> **DATASET EXTRACT**
________________________

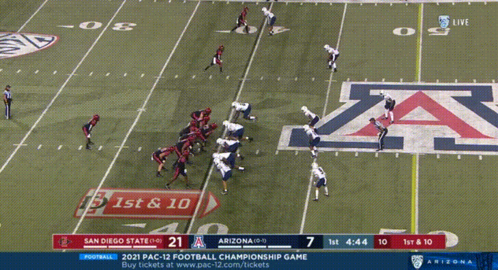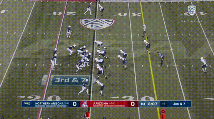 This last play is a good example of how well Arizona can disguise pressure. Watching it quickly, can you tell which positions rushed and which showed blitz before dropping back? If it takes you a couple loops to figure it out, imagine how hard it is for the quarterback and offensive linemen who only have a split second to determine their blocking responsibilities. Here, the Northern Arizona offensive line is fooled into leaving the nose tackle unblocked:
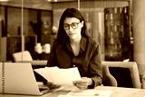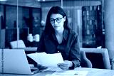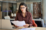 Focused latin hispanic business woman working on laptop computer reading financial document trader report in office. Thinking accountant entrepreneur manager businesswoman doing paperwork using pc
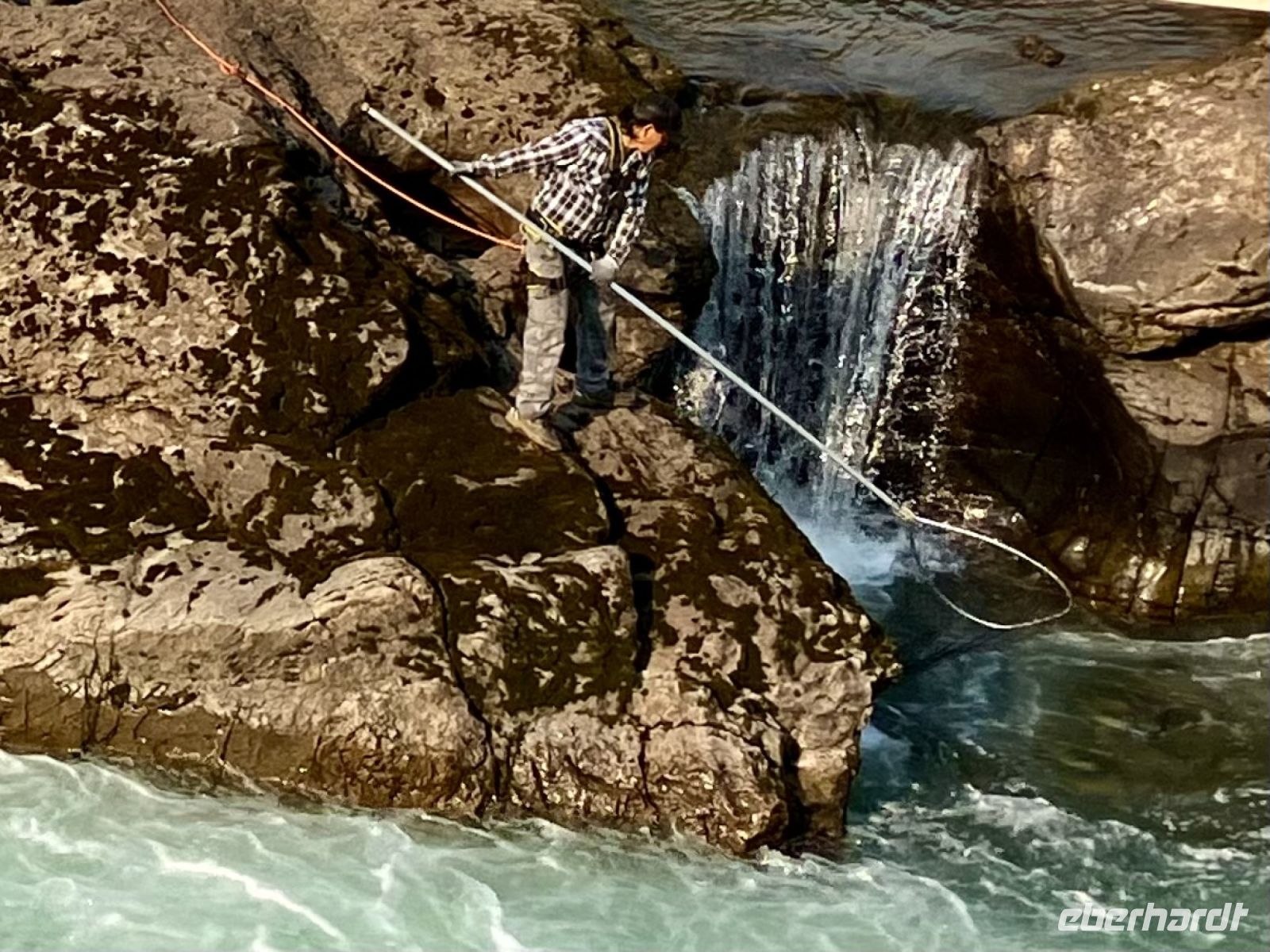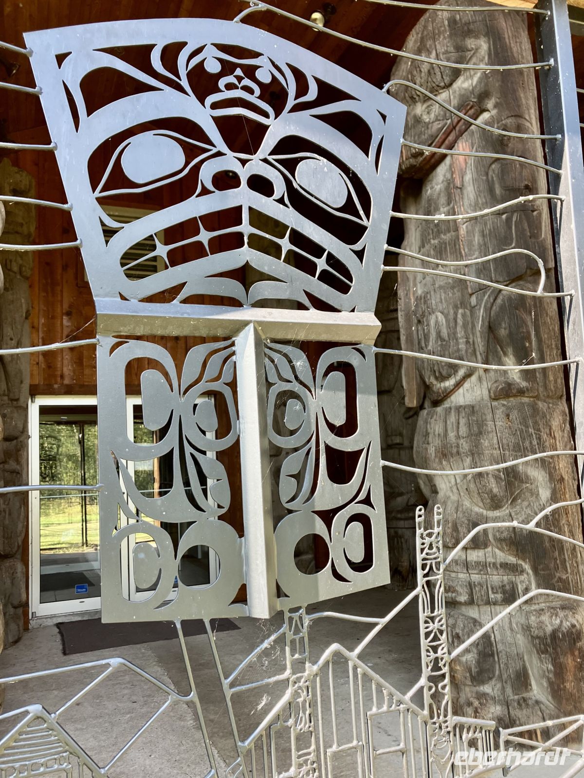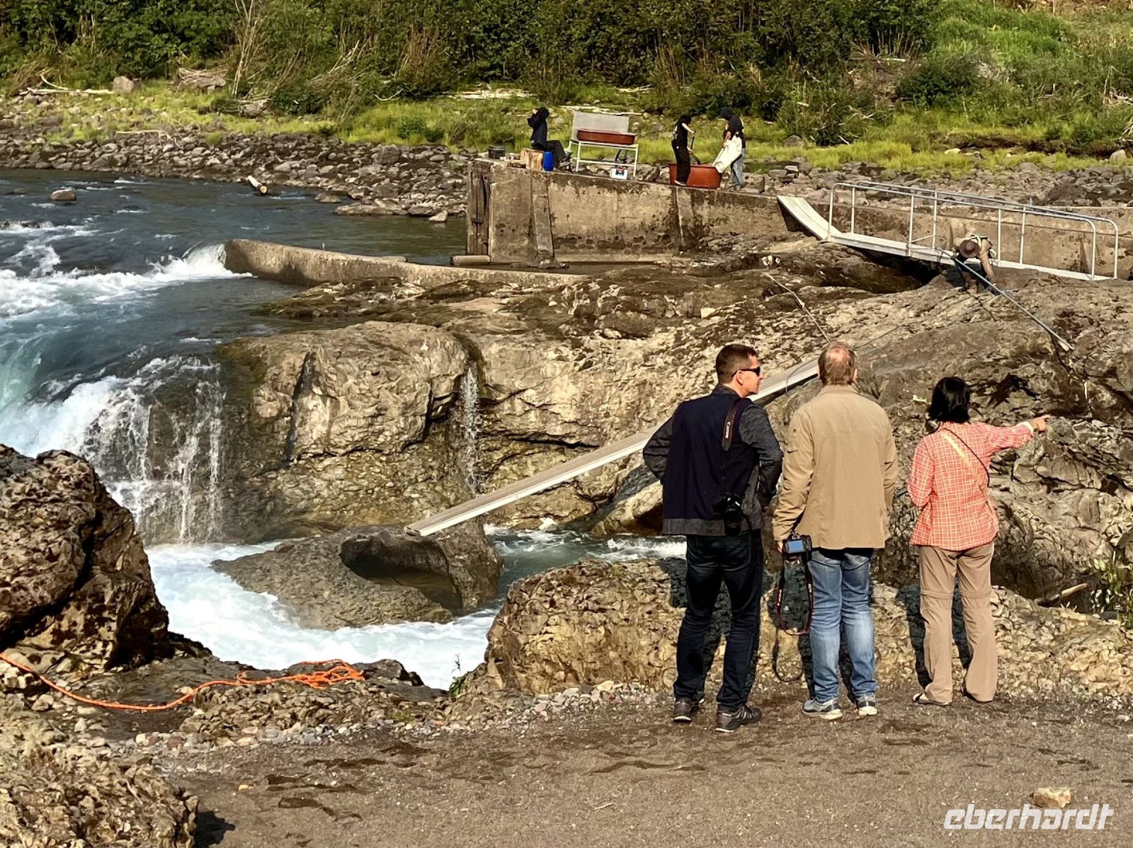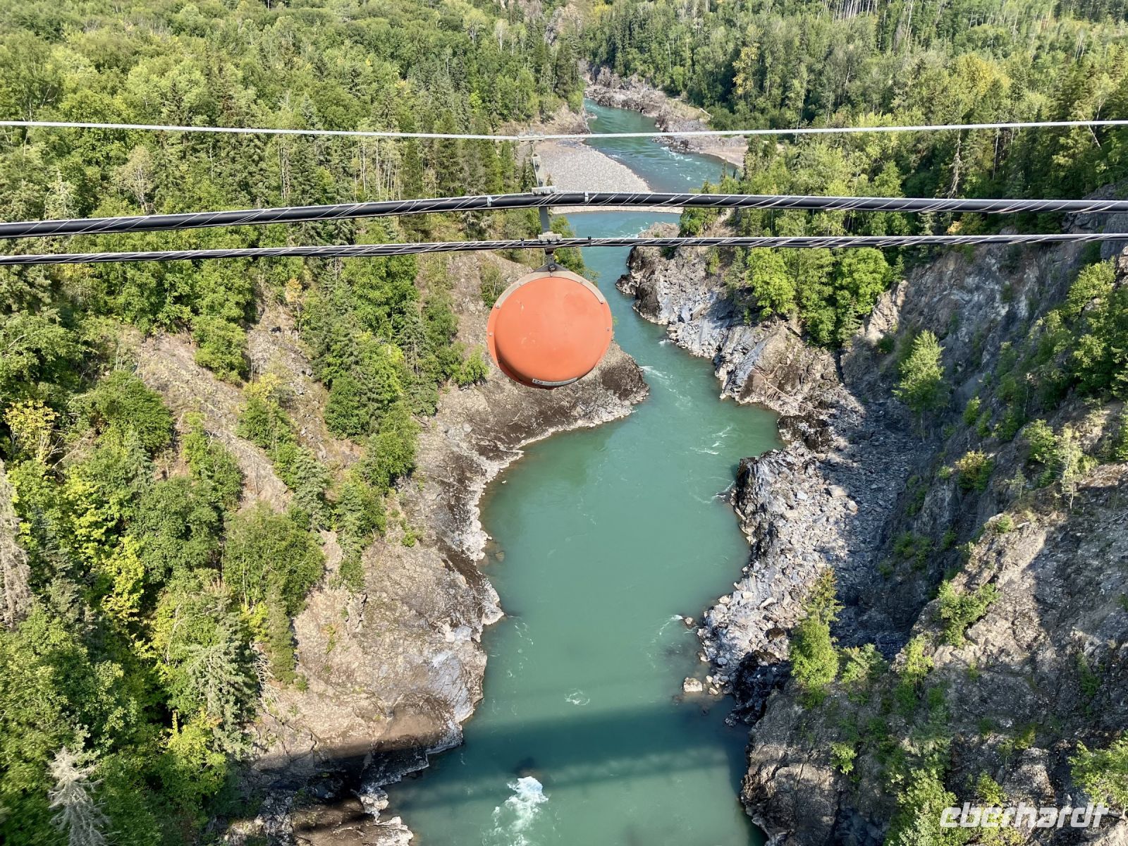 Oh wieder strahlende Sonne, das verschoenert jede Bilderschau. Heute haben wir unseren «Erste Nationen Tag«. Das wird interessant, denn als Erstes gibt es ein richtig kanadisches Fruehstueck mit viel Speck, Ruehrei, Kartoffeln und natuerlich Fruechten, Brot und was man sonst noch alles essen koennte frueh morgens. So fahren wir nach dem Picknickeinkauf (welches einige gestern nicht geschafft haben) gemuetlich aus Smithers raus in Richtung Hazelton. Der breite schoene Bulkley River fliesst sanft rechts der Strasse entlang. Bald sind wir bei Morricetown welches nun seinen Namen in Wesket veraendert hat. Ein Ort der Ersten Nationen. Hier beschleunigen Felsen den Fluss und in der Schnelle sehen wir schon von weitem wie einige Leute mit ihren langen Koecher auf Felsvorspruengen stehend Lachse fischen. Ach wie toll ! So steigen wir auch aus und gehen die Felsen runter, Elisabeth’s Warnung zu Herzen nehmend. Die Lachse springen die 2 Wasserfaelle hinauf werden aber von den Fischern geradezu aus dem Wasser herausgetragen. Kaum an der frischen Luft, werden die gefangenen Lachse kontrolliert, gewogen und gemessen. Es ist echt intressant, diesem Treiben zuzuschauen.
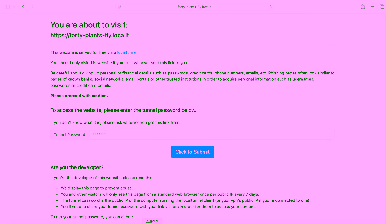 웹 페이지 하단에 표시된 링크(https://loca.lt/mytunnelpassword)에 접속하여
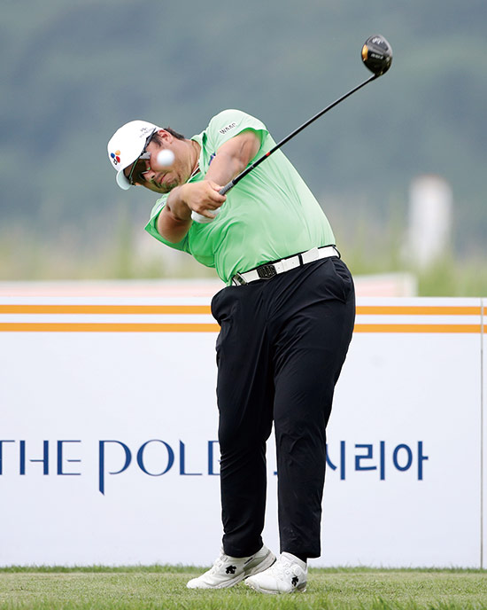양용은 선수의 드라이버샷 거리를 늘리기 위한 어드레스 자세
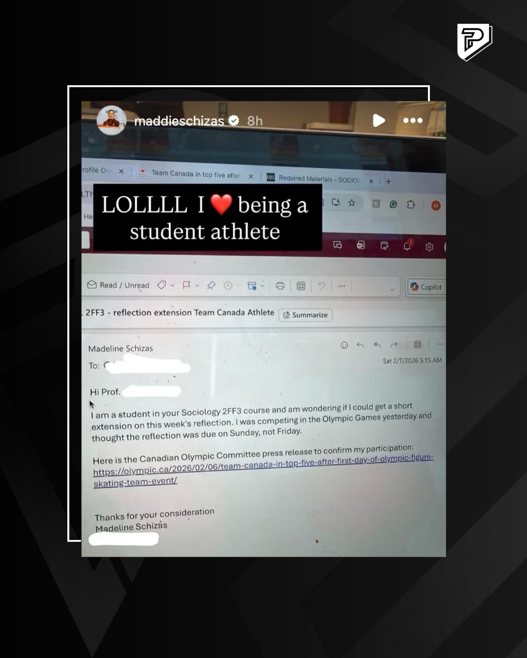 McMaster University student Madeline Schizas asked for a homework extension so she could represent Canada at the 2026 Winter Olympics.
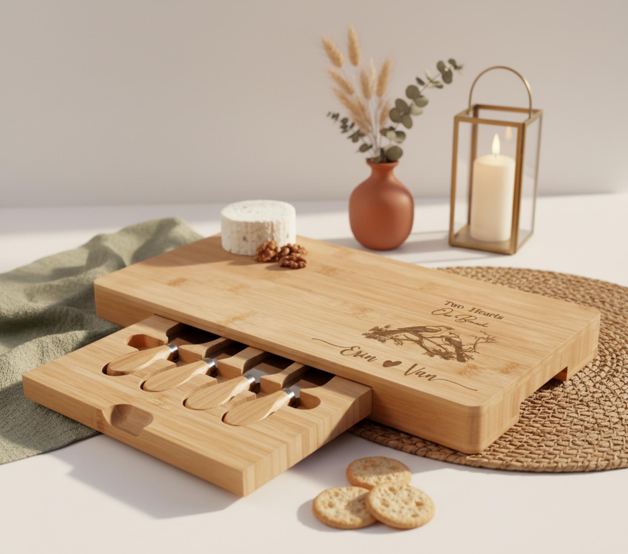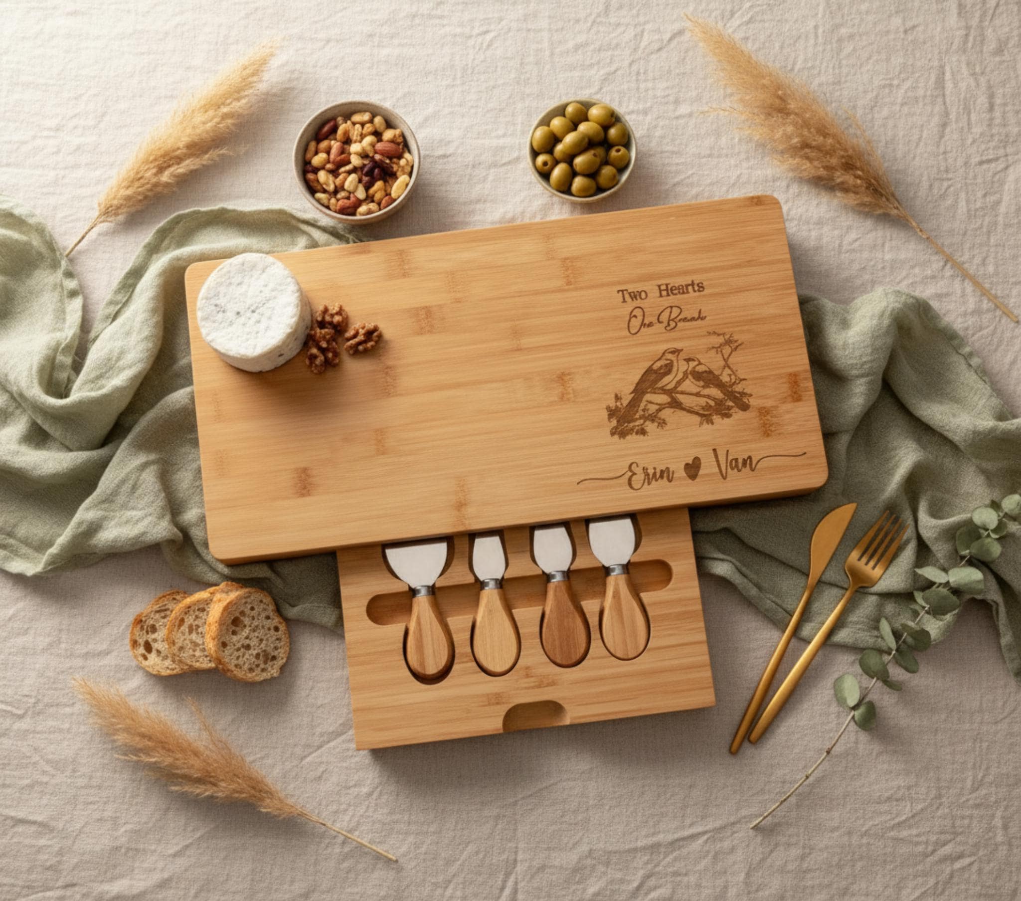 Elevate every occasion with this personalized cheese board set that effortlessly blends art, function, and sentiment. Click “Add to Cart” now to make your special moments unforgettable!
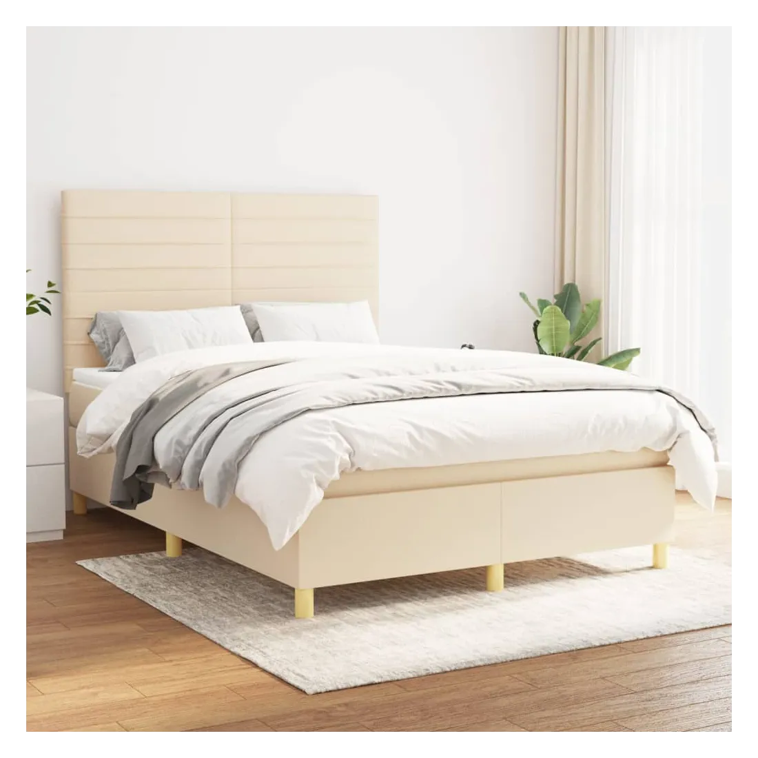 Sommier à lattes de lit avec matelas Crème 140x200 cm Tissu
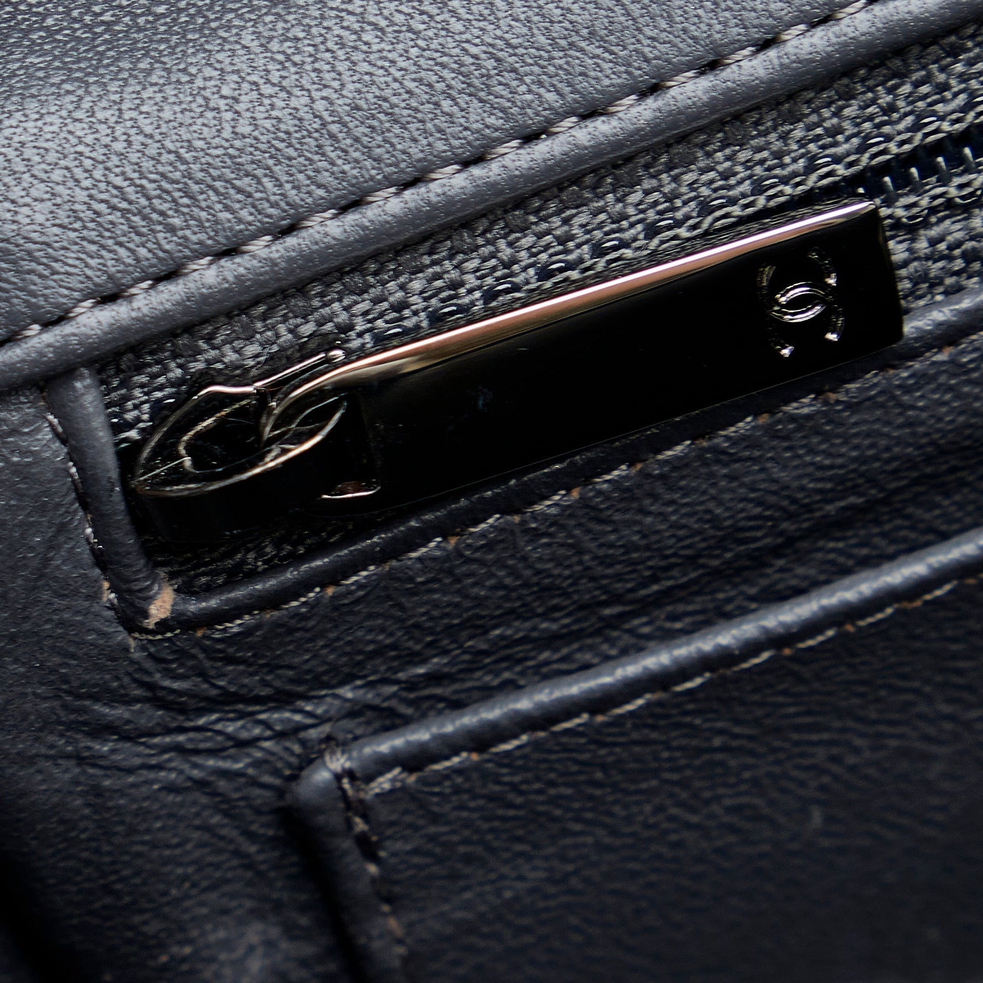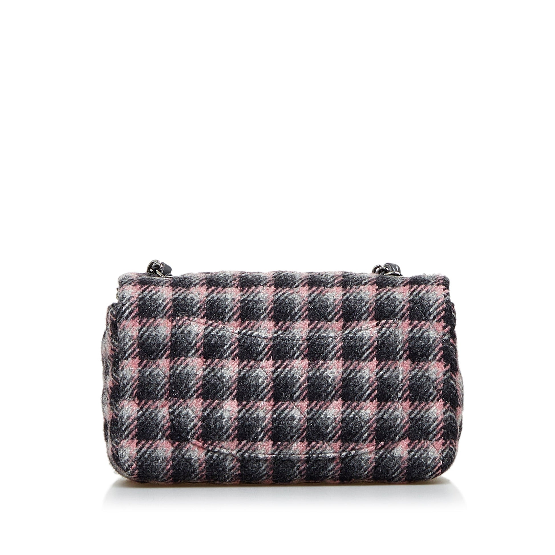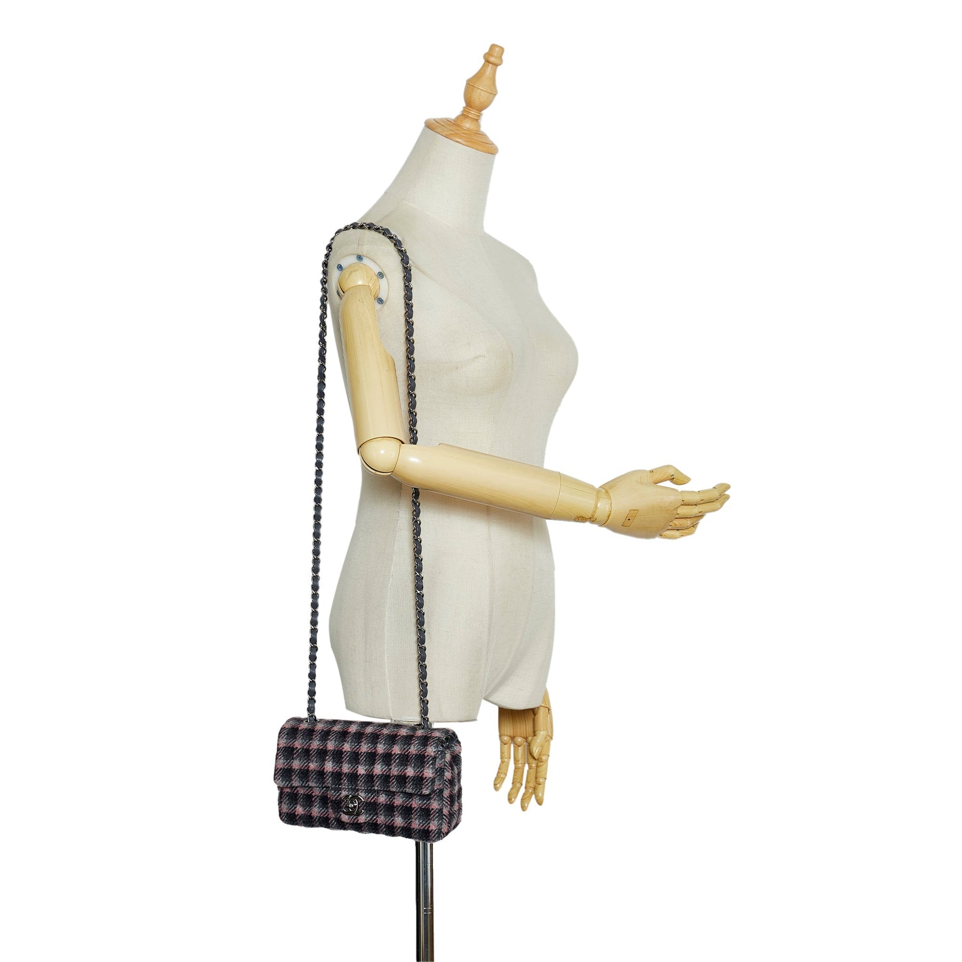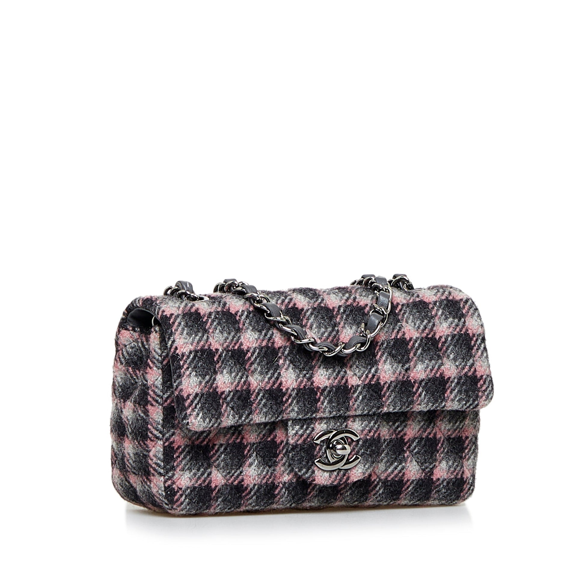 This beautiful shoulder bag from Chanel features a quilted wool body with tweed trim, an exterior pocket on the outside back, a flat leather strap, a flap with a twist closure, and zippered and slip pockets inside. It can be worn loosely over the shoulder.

________________________

> **TO DO**
Please repeat all of the data exactly as it stands, leaving the pictures out.

> **EXERCISE OUTPUT**
 This last play is a good example of how well Arizona can disguise pressure. Watching it quickly, can you tell which positions rushed and which showed blitz before dropping back? If it takes you a couple loops to figure it out, imagine how hard it is for the quarterback and offensive linemen who only have a split second to determine their blocking responsibilities. Here, the Northern Arizona offensive line is fooled into leaving the nose tackle unblocked:
 Focused latin hispanic business woman working on laptop computer reading financial document trader report in office. Thinking accountant entrepreneur manager businesswoman doing paperwork using pc
 Oh wieder strahlende Sonne, das verschoenert jede Bilderschau. Heute haben wir unseren «Erste Nationen Tag«. Das wird interessant, denn als Erstes gibt es ein richtig kanadisches Fruehstueck mit viel Speck, Ruehrei, Kartoffeln und natuerlich Fruechten, Brot und was man sonst noch alles essen koennte frueh morgens. So fahren wir nach dem Picknickeinkauf (welches einige gestern nicht geschafft haben) gemuetlich aus Smithers raus in Richtung Hazelton. Der breite schoene Bulkley River fliesst sanft rechts der Strasse entlang. Bald sind wir bei Morricetown welches nun seinen Namen in Wesket veraendert hat. Ein Ort der Ersten Nationen. Hier beschleunigen Felsen den Fluss und in der Schnelle sehen wir schon von weitem wie einige Leute mit ihren langen Koecher auf Felsvorspruengen stehend Lachse fischen. Ach wie toll ! So steigen wir auch aus und gehen die Felsen runter, Elisabeth’s Warnung zu Herzen nehmend. Die Lachse springen die 2 Wasserfaelle hinauf werden aber von den Fischern geradezu aus dem Wasser herausgetragen. Kaum an der frischen Luft, werden die gefangenen Lachse kontrolliert, gewogen und gemessen. Es ist echt intressant, diesem Treiben zuzuschauen.
 웹 페이지 하단에 표시된 링크(https://loca.lt/mytunnelpassword)에 접속하여
양용은 선수의 드라이버샷 거리를 늘리기 위한 어드레스 자세
 McMaster University student Madeline Schizas asked for a homework extension so she could represent Canada at the 2026 Winter Olympics.
 Elevate every occasion with this personalized cheese board set that effortlessly blends art, function, and sentiment. Click “Add to Cart” now to make your special moments unforgettable!
 Sommier à lattes de lit avec matelas Crème 140x200 cm Tissu
 This beautiful shoulder bag from Chanel features a quilted wool body with tweed trim, an exterior pocket on the outside back, a flat leather strap, a flap with a twist closure, and zippered and slip pockets inside. It can be worn loosely over the shoulder.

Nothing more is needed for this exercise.